# Sharps Disposal



## Carynb (Mar 25, 2010)

Have read several messages on here about the difficulty some people have with sharps disposal.
Our local council  offer a free sharps collection service and box replacement. I just call the environmental department and tell them I need the box collected and then the collection guy calls me back and tells me what day he is coming and to leave the sealed box on the doorstep- then hey presto a new one magically appears!
C.


----------



## Freddie99 (Mar 25, 2010)

I've always found it near impossible to get hold of a sharps bin. The only reason I have one at the moment is I've raided the pathology stores where I work and half inched one (or at least my boss did!) I can get rid of it at work too which is beneficial.

Tom


----------



## PhilT (Mar 25, 2010)

I get my sharps bins on prescription and my surgery dispose of them when they are full.


----------



## shiv (Mar 25, 2010)

i'm lucky - my mum is a nurse so she just pinches one from work for me (and takes it away when it's full!)


----------



## recyclequeen (Mar 25, 2010)

i got my sharps bin fron a on line company called www.safetyfirstaid.co.uk

angie


----------



## Jules A (Mar 25, 2010)

PhilT said:


> I get my sharps bins on prescription and my surgery dispose of them when they are full.



Same here. 

Sharps bins are available on prescription so talk to your doctor. 

As far as disposal is concerned different local authorities have different schemes but they are all legally obliged to dispose of them. However they are allowed to make a reasonable charge, but most don't charge from private individuals (they do charge doctors, pharmacies and hospitals, however, which is why some doctors and pharmacies won't take them).


----------



## Caroline (Mar 25, 2010)

The disposal of sharps bins varies from area to area. We had to ask the receptionist at my docotrs surgery because Dr. Twit didn't have a clue...


----------



## NiVZ (Mar 25, 2010)

Hello,

I've had a lot of trouble with sharps displosal in the past.

I've been told on numerous occasions that simply placing my sharps in a sealed container (eg empty Lenor bottle) and putting it in normal trash is acceptable!  I've never been comfortable with this for two reasons:

1. What if a refuse collection agent (is that still PC for binman?) injured themself on one of these sharps

2. I thought all blood samples needed to be incinerated.  I don't like the idea of my blood being put in a landfill - I'd also think this would pose a health risk.

I've complained enough that I managed to get a sharps bin from my GP surgery, but even they weren't forthcoming.  Be interesting to see what happens when it's full.

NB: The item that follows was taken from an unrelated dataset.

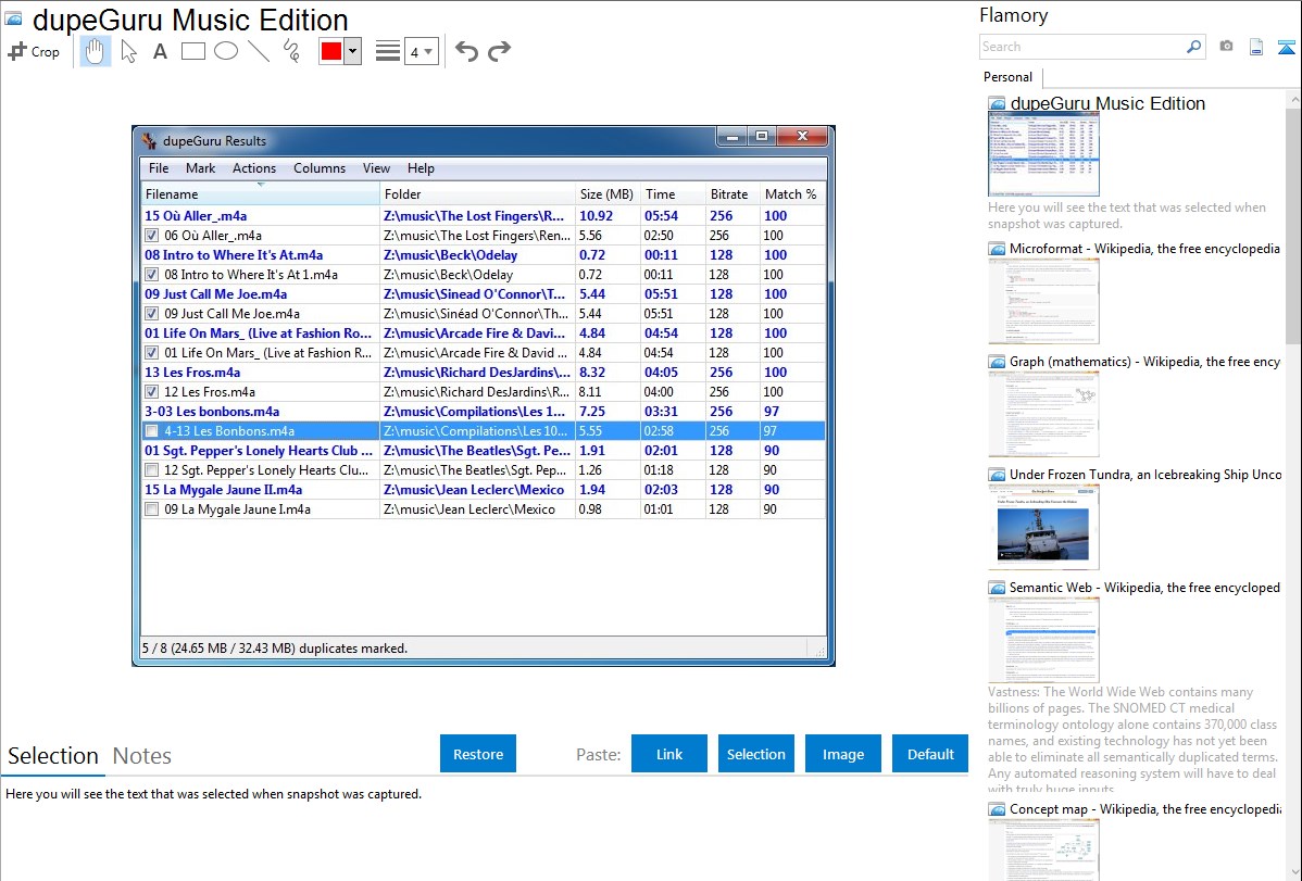 Flamory helps you capture and store screenshots from dupeGuru Music Edition by pressing a single hotkey. It will be saved to a history, so you can continue doing your tasks without interruptions. Later, you can edit the screenshot: crop, resize, add labels and highlights. After that, you can paste the screenshot into any other document or e-mail message.

One time I was flabbergasted to be asked by the pharmacist to go round and queue with the local drug addicts to get a sharps box for my needles!  Excuse me, I'm diabetic - not a drug addict.  Needless to say I refused.  Funny that the drug addicts can get these no problems though.

NiVZ


----------



## Steff (Mar 25, 2010)

Hi sorry if this makes me look daft but are these sharps bins for needles or lancets?


----------



## SacredHeart (Mar 25, 2010)

Either, Steff. Anything with a point.


----------



## Steff (Mar 25, 2010)

SacredHeart said:


> Either, Steff. Anything with a point.



Thanks hun i have a container for mine and once its full i get rid of the lancets and then fill it again and so on and so on.


----------



## SacredHeart (Mar 25, 2010)

I have a right faff getting rid of mine. I'm supposed to use the council disposal service, but because I have a separate entrance at my house, I don't hear them if they ring the bell, and they can't get to my door because it's gated off. Plus they only do weekdays, and I'm never in then anyway, and they won't let me leave it on the doorstep. So I have to ring them and get them to come to the theatre. So I have to bring all the boxes to work.


----------



## gail1 (Mar 25, 2010)

i used to have a 1l box but my pens didt fit in it and you cant get a 7l box on presrition for some reason So my rock of a gp gives me a 7l bin and i just have to take it back to docters when its full


----------



## SacredHeart (Mar 25, 2010)

I just throw my actual pens in general rubbish, since my DSN told me that was fine


----------



## Freddie99 (Mar 25, 2010)

NiVZ said:


> 2. I thought all blood samples needed to be incinerated.  I don't like the idea of my blood being put in a landfill - I'd also think this would pose a health risk.



That sounds about right, the blood samples in a pathology laboratory that can't be used (brought about bycretinous doctors who are unable to fill in a simple bloody form properly or write the correct name or date of birth on a sample). I've a feeling with sharps they may also be autoclaved before being got rid of. Not too sure on the last one though.


----------



## SacredHeart (Mar 25, 2010)

I'm pretty sure the bins are destroyed via incineration.....


----------



## Caroline (Mar 25, 2010)

When I first got my puncture kit aka glucose monitor, I was told use an empty fabric conditioner bottle and just put it in the bin.


----------



## SacredHeart (Mar 25, 2010)

I think it's slightly different for lancets than for needle tips. I wouldn't feel comfortable throwing those in the bin, but that's just me.


----------



## sandy (Mar 25, 2010)

My sharps bin is full of sample strips - three years worth - should I not be using it for this? 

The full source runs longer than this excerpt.